▶ [Records for this exercise]
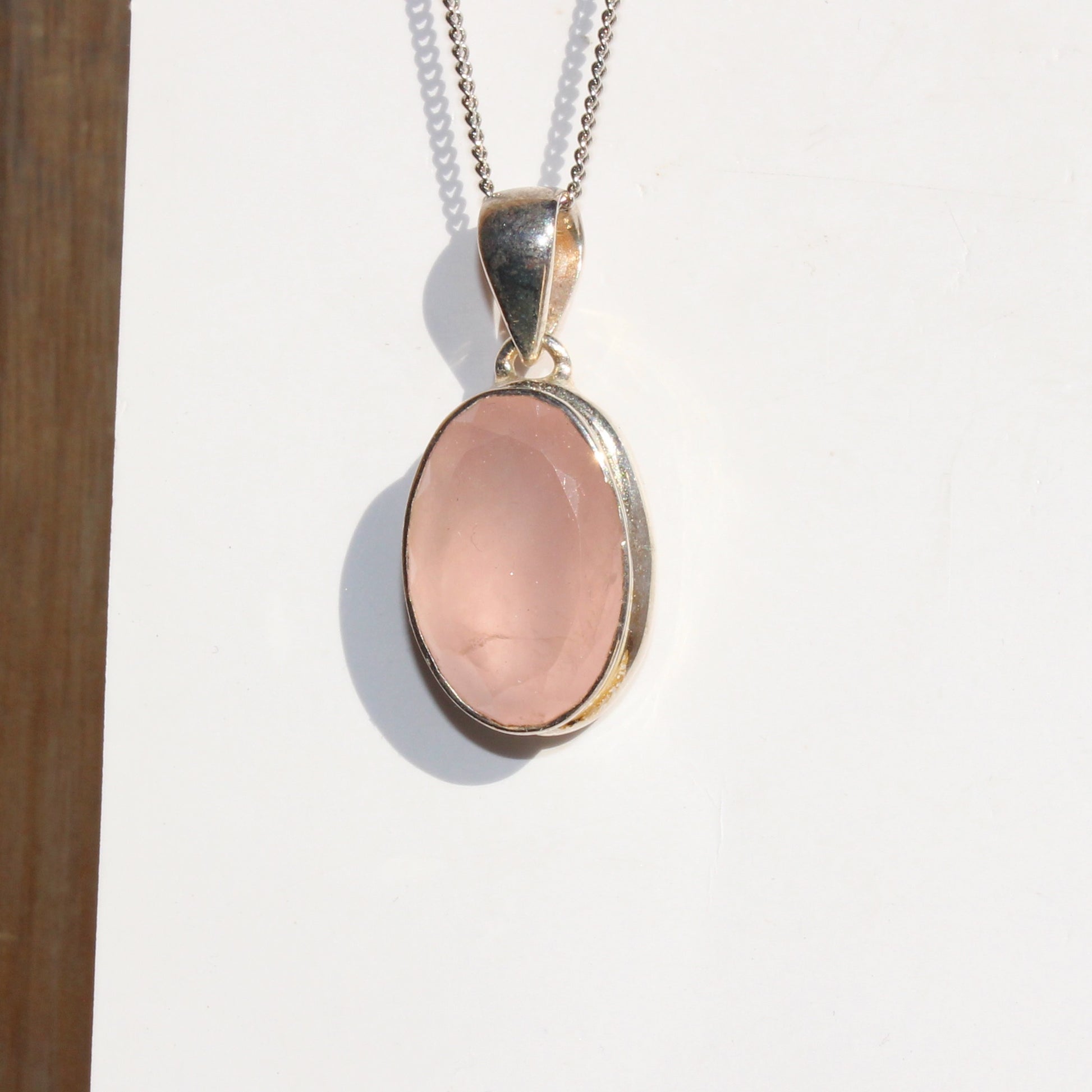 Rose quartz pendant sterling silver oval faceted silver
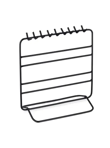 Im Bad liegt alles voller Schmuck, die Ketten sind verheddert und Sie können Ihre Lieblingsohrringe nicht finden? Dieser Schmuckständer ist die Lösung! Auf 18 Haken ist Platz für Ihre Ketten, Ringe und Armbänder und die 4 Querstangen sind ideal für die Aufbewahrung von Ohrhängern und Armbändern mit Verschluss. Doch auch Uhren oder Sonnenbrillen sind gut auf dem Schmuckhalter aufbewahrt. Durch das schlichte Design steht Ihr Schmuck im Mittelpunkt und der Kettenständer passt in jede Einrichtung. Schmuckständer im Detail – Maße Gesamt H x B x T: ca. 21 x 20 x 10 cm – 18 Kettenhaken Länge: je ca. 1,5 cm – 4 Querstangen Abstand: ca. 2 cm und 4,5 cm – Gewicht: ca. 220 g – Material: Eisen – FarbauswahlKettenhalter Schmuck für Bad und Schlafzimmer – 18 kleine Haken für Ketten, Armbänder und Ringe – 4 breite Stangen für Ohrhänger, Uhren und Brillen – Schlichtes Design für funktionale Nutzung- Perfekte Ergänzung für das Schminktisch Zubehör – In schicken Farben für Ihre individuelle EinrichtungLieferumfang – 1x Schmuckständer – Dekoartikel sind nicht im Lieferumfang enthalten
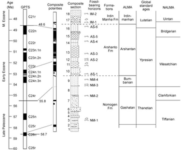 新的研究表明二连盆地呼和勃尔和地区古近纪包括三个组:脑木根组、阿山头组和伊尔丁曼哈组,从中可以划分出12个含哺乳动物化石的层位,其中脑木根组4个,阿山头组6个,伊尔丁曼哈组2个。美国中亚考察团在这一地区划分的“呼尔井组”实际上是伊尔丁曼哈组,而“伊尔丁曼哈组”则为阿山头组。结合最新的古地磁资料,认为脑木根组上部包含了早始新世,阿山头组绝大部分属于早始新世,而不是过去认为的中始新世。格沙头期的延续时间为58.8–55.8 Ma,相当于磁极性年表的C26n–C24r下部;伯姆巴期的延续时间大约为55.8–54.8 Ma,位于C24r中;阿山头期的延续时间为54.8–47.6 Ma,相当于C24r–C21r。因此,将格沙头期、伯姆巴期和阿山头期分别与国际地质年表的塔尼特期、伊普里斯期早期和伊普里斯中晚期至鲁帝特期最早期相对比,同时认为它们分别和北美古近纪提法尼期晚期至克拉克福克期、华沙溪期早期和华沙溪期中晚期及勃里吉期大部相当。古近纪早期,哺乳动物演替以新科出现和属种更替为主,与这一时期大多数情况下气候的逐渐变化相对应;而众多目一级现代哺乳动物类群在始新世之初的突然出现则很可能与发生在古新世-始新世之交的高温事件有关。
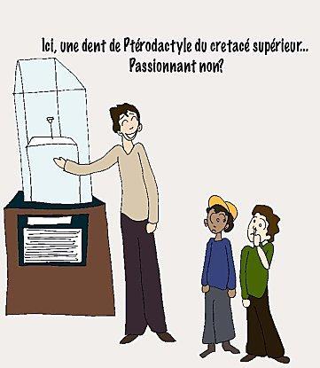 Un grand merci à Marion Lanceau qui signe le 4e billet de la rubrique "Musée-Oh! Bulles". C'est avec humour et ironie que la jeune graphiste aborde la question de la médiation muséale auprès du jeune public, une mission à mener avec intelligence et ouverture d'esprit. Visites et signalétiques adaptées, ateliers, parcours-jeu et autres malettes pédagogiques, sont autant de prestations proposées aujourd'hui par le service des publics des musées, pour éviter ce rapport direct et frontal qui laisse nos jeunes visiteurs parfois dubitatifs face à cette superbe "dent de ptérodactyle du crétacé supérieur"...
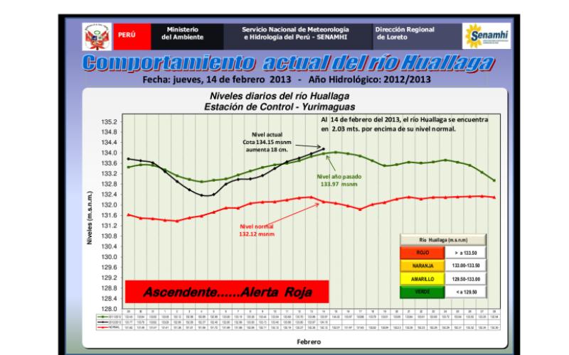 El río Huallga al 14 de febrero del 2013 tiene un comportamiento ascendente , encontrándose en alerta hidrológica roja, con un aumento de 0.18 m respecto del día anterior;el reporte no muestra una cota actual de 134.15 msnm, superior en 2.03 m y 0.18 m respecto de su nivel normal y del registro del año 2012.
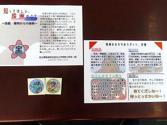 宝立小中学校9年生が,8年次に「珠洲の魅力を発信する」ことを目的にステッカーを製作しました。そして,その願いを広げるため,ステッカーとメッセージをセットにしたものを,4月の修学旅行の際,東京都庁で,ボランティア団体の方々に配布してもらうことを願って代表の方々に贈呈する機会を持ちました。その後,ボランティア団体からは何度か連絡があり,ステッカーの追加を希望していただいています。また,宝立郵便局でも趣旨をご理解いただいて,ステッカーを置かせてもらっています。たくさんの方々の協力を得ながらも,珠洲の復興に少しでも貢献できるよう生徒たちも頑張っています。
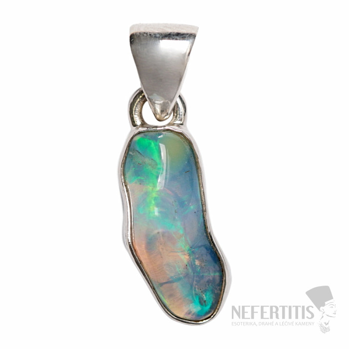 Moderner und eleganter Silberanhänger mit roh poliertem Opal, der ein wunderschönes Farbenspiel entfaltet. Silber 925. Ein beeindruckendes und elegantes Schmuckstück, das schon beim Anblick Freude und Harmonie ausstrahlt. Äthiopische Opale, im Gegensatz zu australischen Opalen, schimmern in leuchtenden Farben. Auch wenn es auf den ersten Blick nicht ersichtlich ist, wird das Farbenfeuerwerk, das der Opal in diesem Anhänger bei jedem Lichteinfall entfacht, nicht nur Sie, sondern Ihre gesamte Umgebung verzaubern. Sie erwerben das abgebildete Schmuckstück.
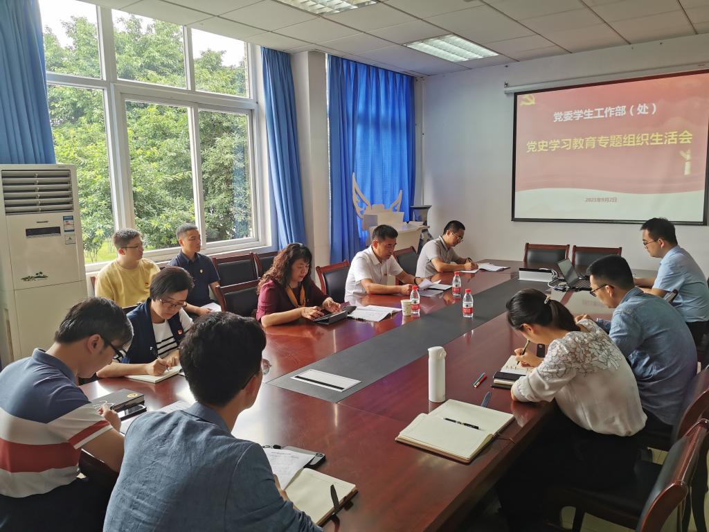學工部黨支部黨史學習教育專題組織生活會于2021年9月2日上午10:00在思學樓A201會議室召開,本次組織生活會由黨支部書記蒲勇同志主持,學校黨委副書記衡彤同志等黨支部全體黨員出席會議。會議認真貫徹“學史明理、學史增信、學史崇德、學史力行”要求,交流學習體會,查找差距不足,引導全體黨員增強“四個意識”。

▶ [Work item]
Once the pictures are removed, output the entries above exactly as given.

▶ [Response to the task]
 Rose quartz pendant sterling silver oval faceted silver
 Im Bad liegt alles voller Schmuck, die Ketten sind verheddert und Sie können Ihre Lieblingsohrringe nicht finden? Dieser Schmuckständer ist die Lösung! Auf 18 Haken ist Platz für Ihre Ketten, Ringe und Armbänder und die 4 Querstangen sind ideal für die Aufbewahrung von Ohrhängern und Armbändern mit Verschluss. Doch auch Uhren oder Sonnenbrillen sind gut auf dem Schmuckhalter aufbewahrt. Durch das schlichte Design steht Ihr Schmuck im Mittelpunkt und der Kettenständer passt in jede Einrichtung. Schmuckständer im Detail – Maße Gesamt H x B x T: ca. 21 x 20 x 10 cm – 18 Kettenhaken Länge: je ca. 1,5 cm – 4 Querstangen Abstand: ca. 2 cm und 4,5 cm – Gewicht: ca. 220 g – Material: Eisen – FarbauswahlKettenhalter Schmuck für Bad und Schlafzimmer – 18 kleine Haken für Ketten, Armbänder und Ringe – 4 breite Stangen für Ohrhänger, Uhren und Brillen – Schlichtes Design für funktionale Nutzung- Perfekte Ergänzung für das Schminktisch Zubehör – In schicken Farben für Ihre individuelle EinrichtungLieferumfang – 1x Schmuckständer – Dekoartikel sind nicht im Lieferumfang enthalten
 新的研究表明二连盆地呼和勃尔和地区古近纪包括三个组:脑木根组、阿山头组和伊尔丁曼哈组,从中可以划分出12个含哺乳动物化石的层位,其中脑木根组4个,阿山头组6个,伊尔丁曼哈组2个。美国中亚考察团在这一地区划分的“呼尔井组”实际上是伊尔丁曼哈组,而“伊尔丁曼哈组”则为阿山头组。结合最新的古地磁资料,认为脑木根组上部包含了早始新世,阿山头组绝大部分属于早始新世,而不是过去认为的中始新世。格沙头期的延续时间为58.8–55.8 Ma,相当于磁极性年表的C26n–C24r下部;伯姆巴期的延续时间大约为55.8–54.8 Ma,位于C24r中;阿山头期的延续时间为54.8–47.6 Ma,相当于C24r–C21r。因此,将格沙头期、伯姆巴期和阿山头期分别与国际地质年表的塔尼特期、伊普里斯期早期和伊普里斯中晚期至鲁帝特期最早期相对比,同时认为它们分别和北美古近纪提法尼期晚期至克拉克福克期、华沙溪期早期和华沙溪期中晚期及勃里吉期大部相当。古近纪早期,哺乳动物演替以新科出现和属种更替为主,与这一时期大多数情况下气候的逐渐变化相对应;而众多目一级现代哺乳动物类群在始新世之初的突然出现则很可能与发生在古新世-始新世之交的高温事件有关。
 Un grand merci à Marion Lanceau qui signe le 4e billet de la rubrique "Musée-Oh! Bulles". C'est avec humour et ironie que la jeune graphiste aborde la question de la médiation muséale auprès du jeune public, une mission à mener avec intelligence et ouverture d'esprit. Visites et signalétiques adaptées, ateliers, parcours-jeu et autres malettes pédagogiques, sont autant de prestations proposées aujourd'hui par le service des publics des musées, pour éviter ce rapport direct et frontal qui laisse nos jeunes visiteurs parfois dubitatifs face à cette superbe "dent de ptérodactyle du crétacé supérieur"...
 El río Huallga al 14 de febrero del 2013 tiene un comportamiento ascendente , encontrándose en alerta hidrológica roja, con un aumento de 0.18 m respecto del día anterior;el reporte no muestra una cota actual de 134.15 msnm, superior en 2.03 m y 0.18 m respecto de su nivel normal y del registro del año 2012.
 宝立小中学校9年生が,8年次に「珠洲の魅力を発信する」ことを目的にステッカーを製作しました。そして,その願いを広げるため,ステッカーとメッセージをセットにしたものを,4月の修学旅行の際,東京都庁で,ボランティア団体の方々に配布してもらうことを願って代表の方々に贈呈する機会を持ちました。その後,ボランティア団体からは何度か連絡があり,ステッカーの追加を希望していただいています。また,宝立郵便局でも趣旨をご理解いただいて,ステッカーを置かせてもらっています。たくさんの方々の協力を得ながらも,珠洲の復興に少しでも貢献できるよう生徒たちも頑張っています。
 Moderner und eleganter Silberanhänger mit roh poliertem Opal, der ein wunderschönes Farbenspiel entfaltet. Silber 925. Ein beeindruckendes und elegantes Schmuckstück, das schon beim Anblick Freude und Harmonie ausstrahlt. Äthiopische Opale, im Gegensatz zu australischen Opalen, schimmern in leuchtenden Farben. Auch wenn es auf den ersten Blick nicht ersichtlich ist, wird das Farbenfeuerwerk, das der Opal in diesem Anhänger bei jedem Lichteinfall entfacht, nicht nur Sie, sondern Ihre gesamte Umgebung verzaubern. Sie erwerben das abgebildete Schmuckstück.
學工部黨支部黨史學習教育專題組織生活會于2021年9月2日上午10:00在思學樓A201會議室召開,本次組織生活會由黨支部書記蒲勇同志主持,學校黨委副書記衡彤同志等黨支部全體黨員出席會議。會議認真貫徹“學史明理、學史增信、學史崇德、學史力行”要求,交流學習體會,查找差距不足,引導全體黨員增強“四個意識”。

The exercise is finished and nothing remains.